Конечно, оброк не сбирался вполне, но с другой стороны, получались небольшие доходы с продаваемого леса, с аренды мельниц и других угодий, так что, действительно, получалось ежегодно дохода до 3000 руб. Сверх того, означенной ежегодной уплатой 5000 руб. уплачивалась часть капитального долга, и по прошествии некоторого числа лет уплаты, имение могло быть перезаложено, при чем получалась некоторая сумма на руки. При продаже же имения за 30 тыс. рублей, я мог получить верных процентов только 1500 руб. в год, а потому на продажу не согласился. Но получая содержания всего около 1000 руб. в год и <менее> 3000 руб. дохода с имения, я не мог долее жить в Петербурге, несмотря на то, что жена моя ничего на себя не тратила и вообще сделалась донельзя расчетливой, а жившая у нас Е. Е. Радзевская чрезвычайно экономничала в нашем хозяйстве. Читатель, конечно, заметил в моем рассказе, что моей целью было сделать служебную карьеру, но теперь уже я потерял на нее всякую надежду; для карьеры необходимо быстрое повышение в низших чинах, так как в высших чинах награды заметнее, и потому они даются преимущественно в сравнении со сверстниками. Между тем, я состоял в офицерских чинах уже 22-й год и, несмотря на мои похождения на Кавказе и в Венгрии и близость мою к Клейнмихелю, я еще не достиг полковничьего чина, которого многие достигали тогда в 10 лет и даже менее.

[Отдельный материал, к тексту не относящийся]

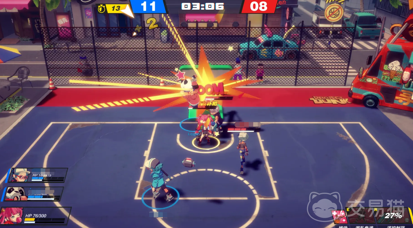 游戏的赛场定位繁多,但是可供玩家上场的人数只有三个,这三个角色分别需要搭配一个前排角色,用于阻拦敌方的过球,其他两个角色需要具备有灵活性,从而用于传球和扣篮。
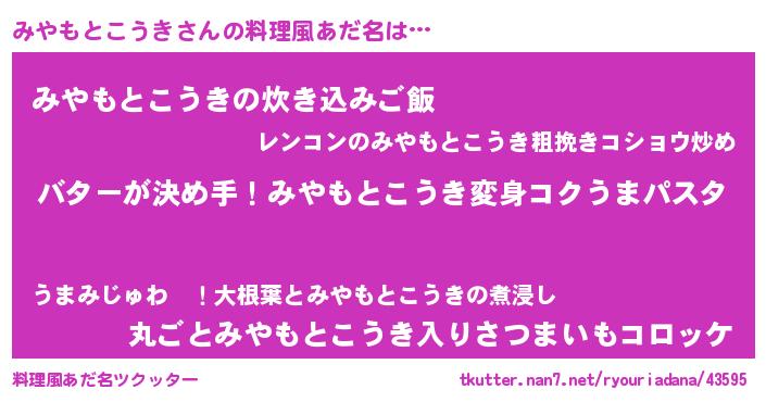 | ヘコむあだ名 | 『なまこ酢』『みやもとこうき(小並感)』 |
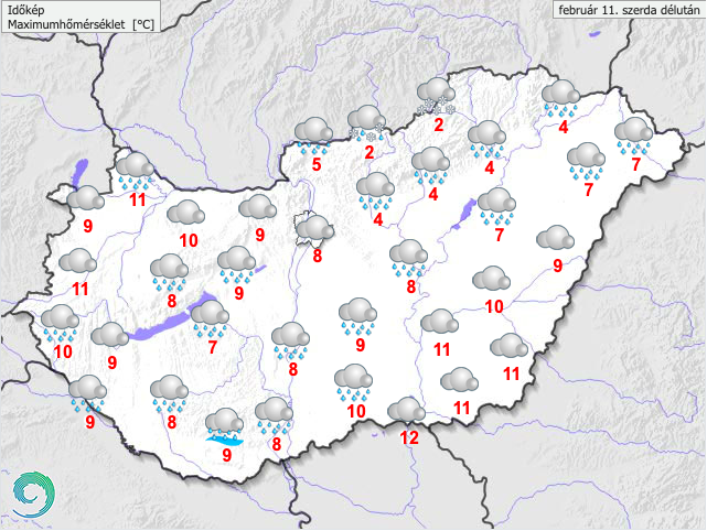A HungaroMet szerint a délies szelet élénk, helyenként erős lökések kísérhetik. A legmagasabb nappali hőmérséklet nagyrészt 6 és 13 fok között alakul, de az Északi-középhegység térségében több fokkal hidegebb maradhat az idő. Késő estére 1 és 8 fok közé csökken a hőmérséklet.
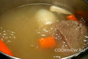 В кастрюлю закладываем говядину, морковь, лук. Наливаем холодной воды столько, чтобы наши продукты были полностью в воде. Ставим на огонь и ждем, пока закипит.
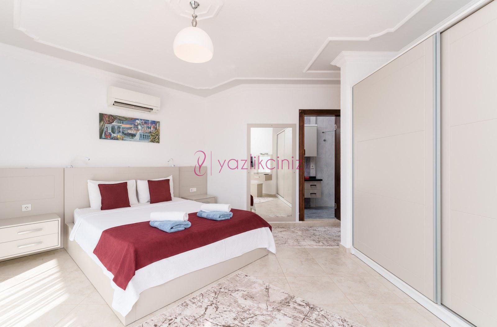 Yatak odası 1: Çİft kişilik yatak, makyaj masası, komodin, elbise dolabı, klima, ebeveyn banyosu bulunmaktadır.
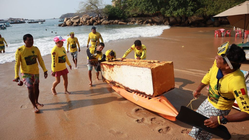 Fueron dos embarcaciones las que participaron y los buzos equipados con tanques de oxígeno, descendieron unos metros en el fondo del mar donde comenzaron a sacar a flote los desechos.
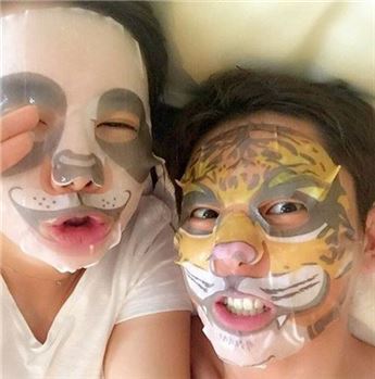 사진에는 안현수 우나리 부부가 얼굴에 팩을 붙인 채 침대에 누워있는 모습이 담겨있다. 두 사람의 다정한 모습과 익살스러운 표정이 눈길을 끈다.
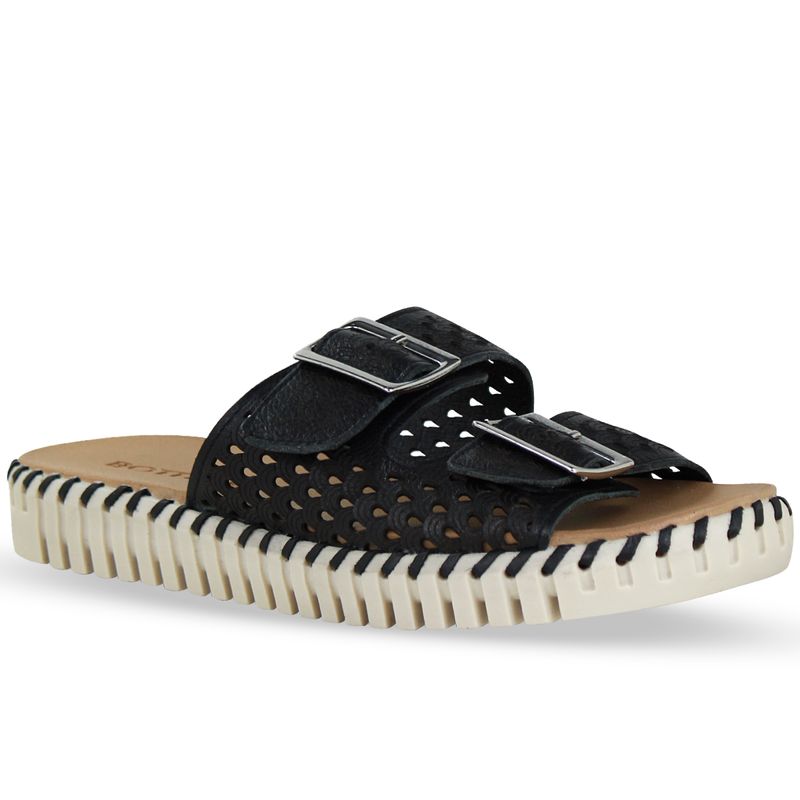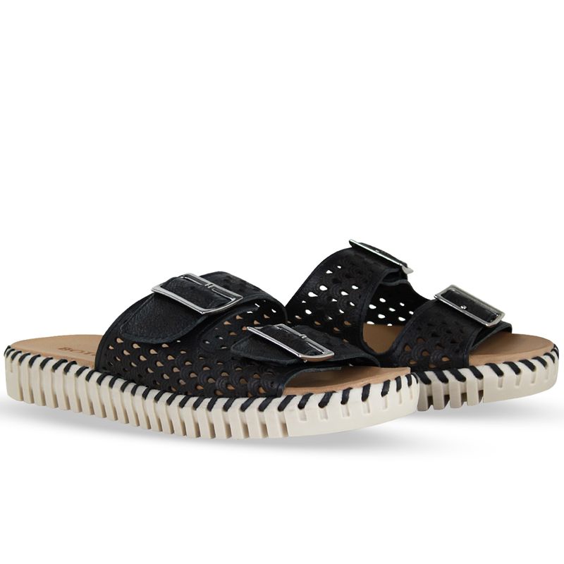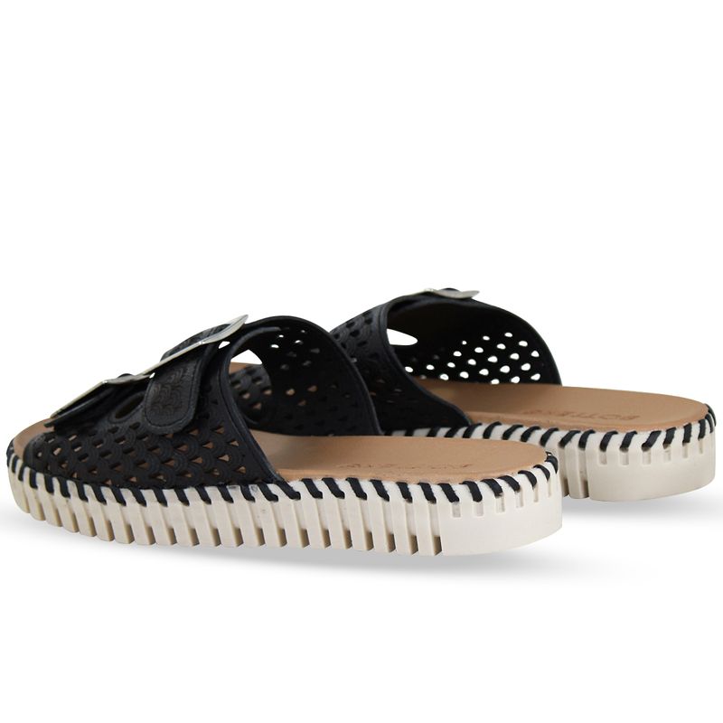 Sandália rasteira em couro burnish preto. Possui fivelas em metal onix sobre o pé com tira ajustável. Gáspea com detalhes a laser e solado com palmilha confortável.
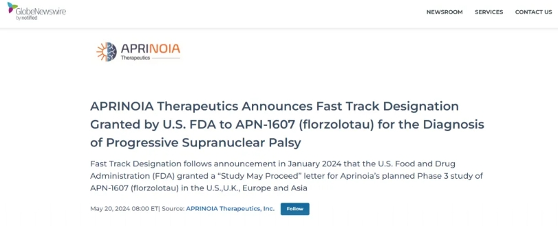 重磅 | APN-1607获得美国FDA快速通道资...
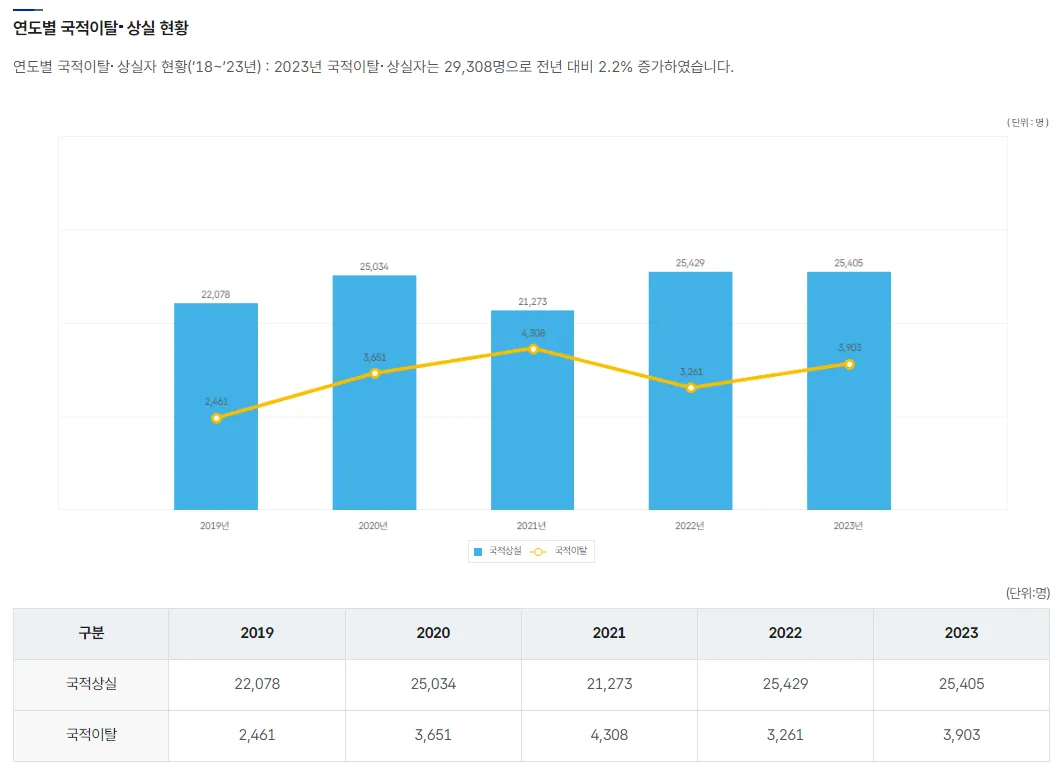 연도별 국적취득자(귀화+국적회복) 현황, 연도별 혼인귀화자 현황, 연도별 국적이탈·국적상실 현황 및 증감 추이를 확인할 수 있습니다.
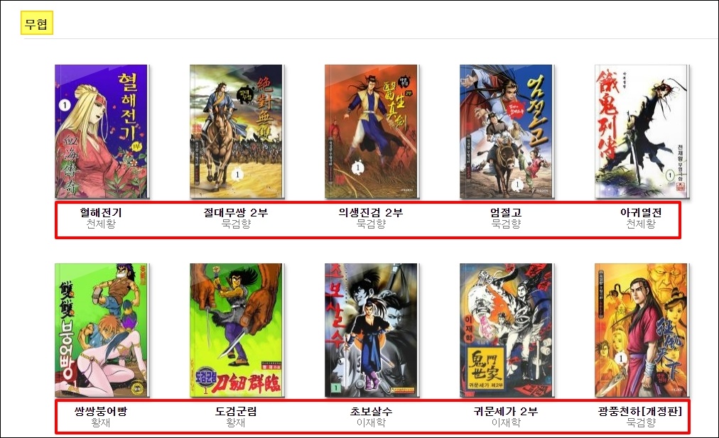이번에 업데이트 된 무협 작품은 천제황, 묵검향, 황재, 이재학 작가의 작품이 많이 보입니다.
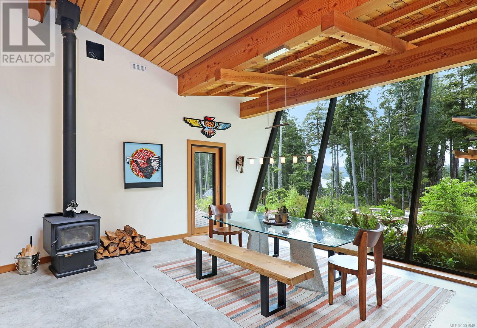 Tucked away on the wild West Coast lies a 21.5 acre private island sanctuary where nature sets the rhythm of life, from wind in the cedars to waves crashing on the rocky shore. More than a destination, this is the definition of the West Coast lifestyle: serene, self-sufficient, and soul-stirring. At its heart is a cozy, architect-designed home with three bedrooms and two bathrooms, crafted for comfort and connection to the land. Expansive windows frame unparalelled coastal views, while a nearby guest cabin with a loft offers space for friends and family. Five unique sitting areas invite quiet moments and stunning views of the mossy forests, sunlit coves, and starlit skies. A trail system winds through the lush island, encouraging daily exploration and reflection. Completely off-grid, the island blends sustainable living with modern ease, freedom and a lighter footprint. Whether you're gathering, or simply being, this is where the wild meets the wonderful. (id:2469)
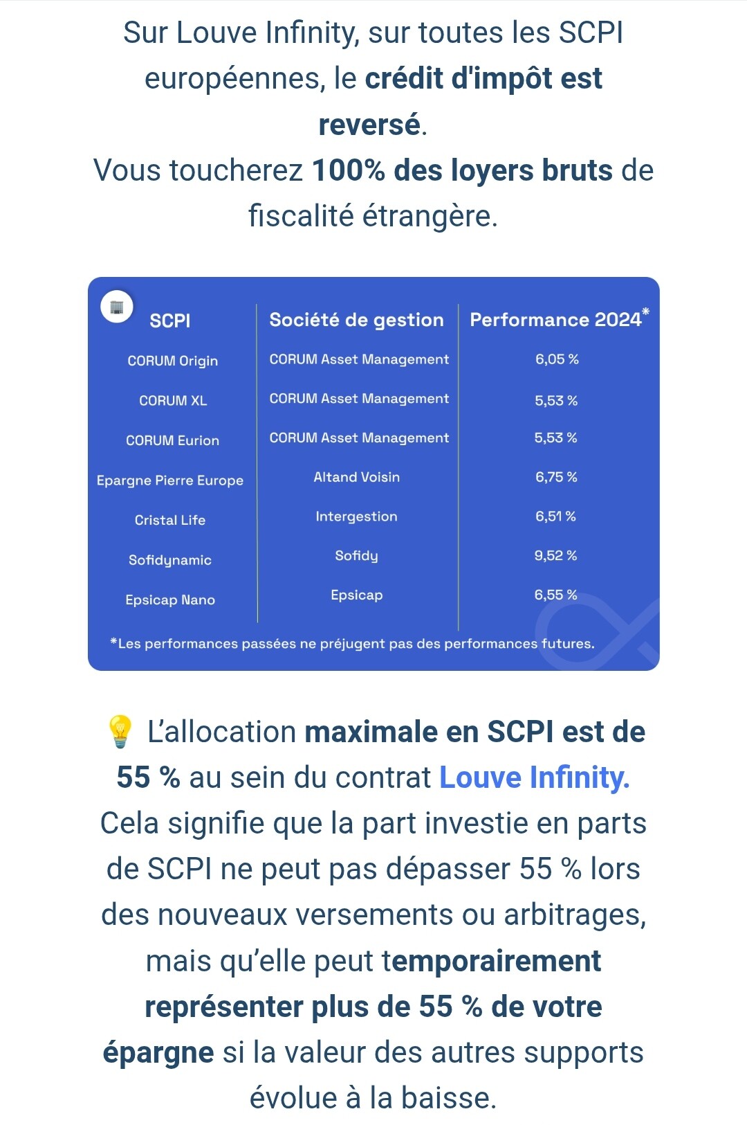 oui ça a fait couler de l’encre sur tous les forums surtout à 0.35% de frais de gestion… Si ça se réalise , ça va pas mal challenger toutes les autres AV… Louve invest est plutot sérieux et on peut supposer une bonne surprise avec des SCPI dedans puisque eux même sont des spécialistes des SCPI avec de bonnes relations avec les gérants de SCPI

По этим причинам, а также и потому, что мне надоело быть свидетелем капризов Клейнмихеля, я решился 16 декабря 1850 г. послать к нему прошение на Высочайшее имя об увольнении меня от службы, рассчитывая по получении отставки заняться в деревне хозяйством и в особенности торговлею лесом, а в случае неуспешного хода моего хозяйства, поступить в гражданскую службу, в которой M. Н. Муравьев обещался по дружбе своей с министром внутренних дел Перовским определить меня на первую вице-губернаторскую вакансию. При открытии же вакансии председателя межевой канцелярии, Муравьев желал, чтобы я принял на себя эту должность.